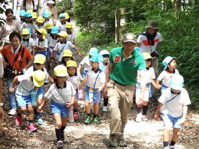 その後ガイドウォークに出発しました。森の中でニセアカシアの葉っぱを葉笛として鳴らしたり、久保先生から川のはじまりのお話や”にが木”がお薬になるなど、森の不思議についてたくさん教えていただきました。
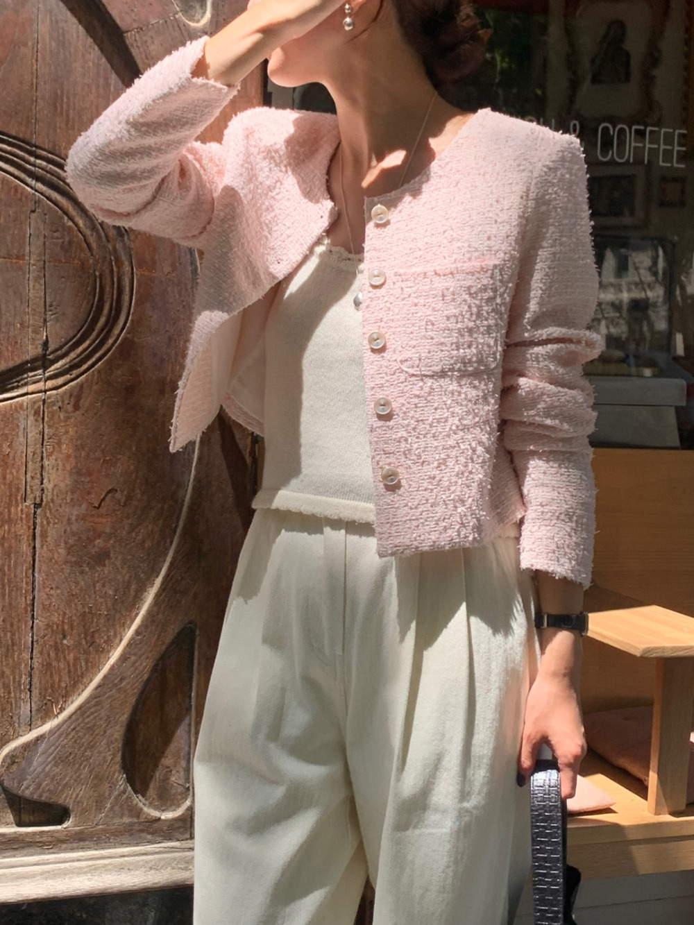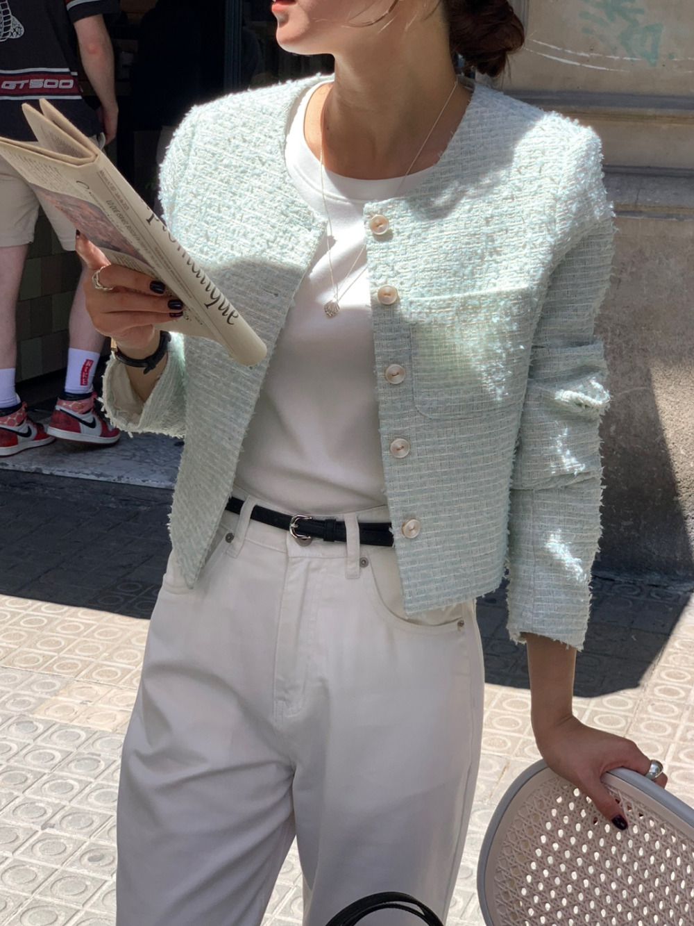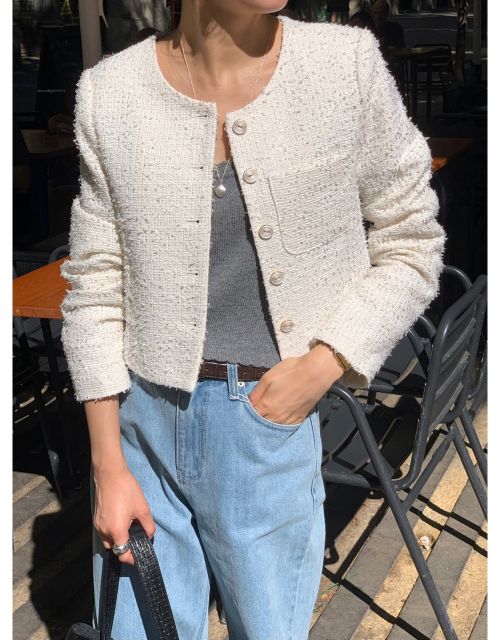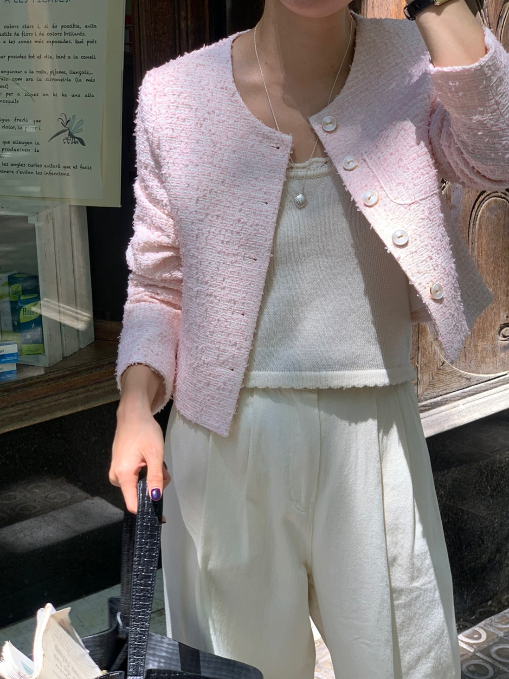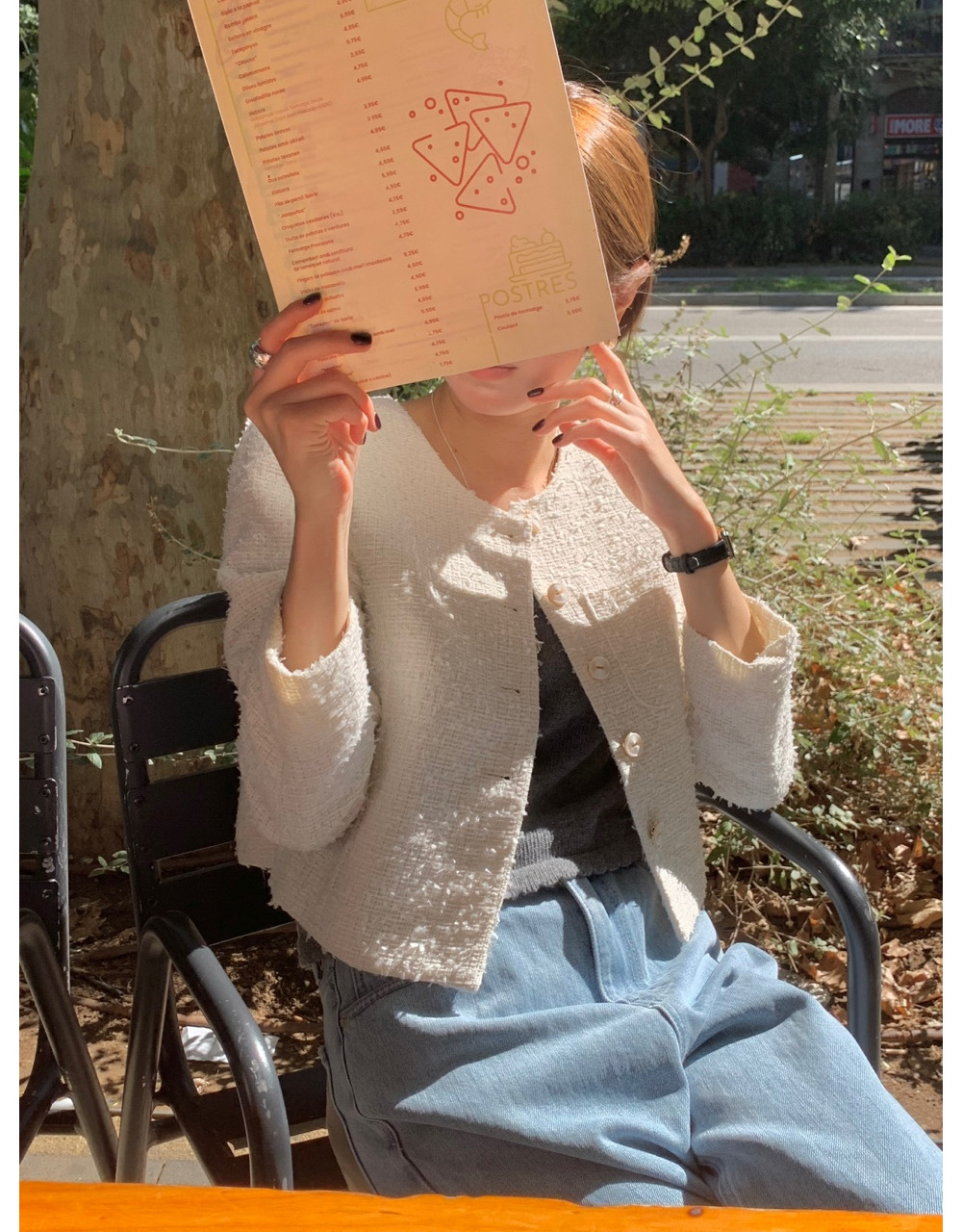 韓貨 東大門代購清倉浪漫粗花呢短版外套
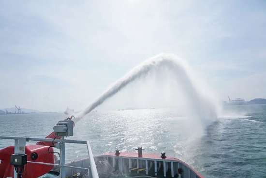 消防水炮在海上突发船只着火的时候起到很重要的作用,水炮能抽取海水精准地对着火船只进行扑灭,远射程也能保护消防员和船舶自身的安全。
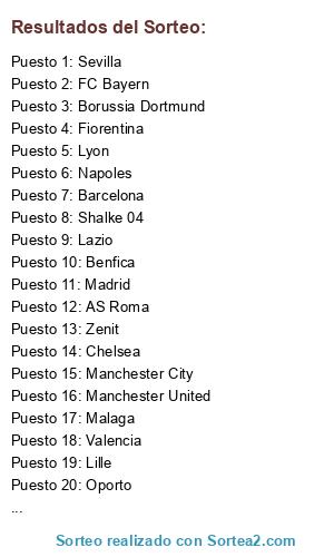 Lista de participantes: FC Bayern, Borussia Dortmund, Atletico de Madrid, Barcelona, Madrid, AC Milan, Inter, Juventus, Napoles, Arsenal, Chelsea, Liverpool, Manchester United, Manchester City, Spurs, PSG, Oporto, Zenit, Bayer Leverkusen, Shalke 04, Malaga, Sevilla, Valencia, AS Roma, Fiorentina, Lazio, Everton, Newcastle, Lille, Lyon, Marsella, Benfica.

* * *

_TASK DETAILS_. Return the material exactly as given above, picture-free.

_TASK SOLUTION_.
 その後ガイドウォークに出発しました。森の中でニセアカシアの葉っぱを葉笛として鳴らしたり、久保先生から川のはじまりのお話や”にが木”がお薬になるなど、森の不思議についてたくさん教えていただきました。
 韓貨 東大門代購清倉浪漫粗花呢短版外套
 消防水炮在海上突发船只着火的时候起到很重要的作用,水炮能抽取海水精准地对着火船只进行扑灭,远射程也能保护消防员和船舶自身的安全。
 Lista de participantes: FC Bayern, Borussia Dortmund, Atletico de Madrid, Barcelona, Madrid, AC Milan, Inter, Juventus, Napoles, Arsenal, Chelsea, Liverpool, Manchester United, Manchester City, Spurs, PSG, Oporto, Zenit, Bayer Leverkusen, Shalke 04, Malaga, Sevilla, Valencia, AS Roma, Fiorentina, Lazio, Everton, Newcastle, Lille, Lyon, Marsella, Benfica.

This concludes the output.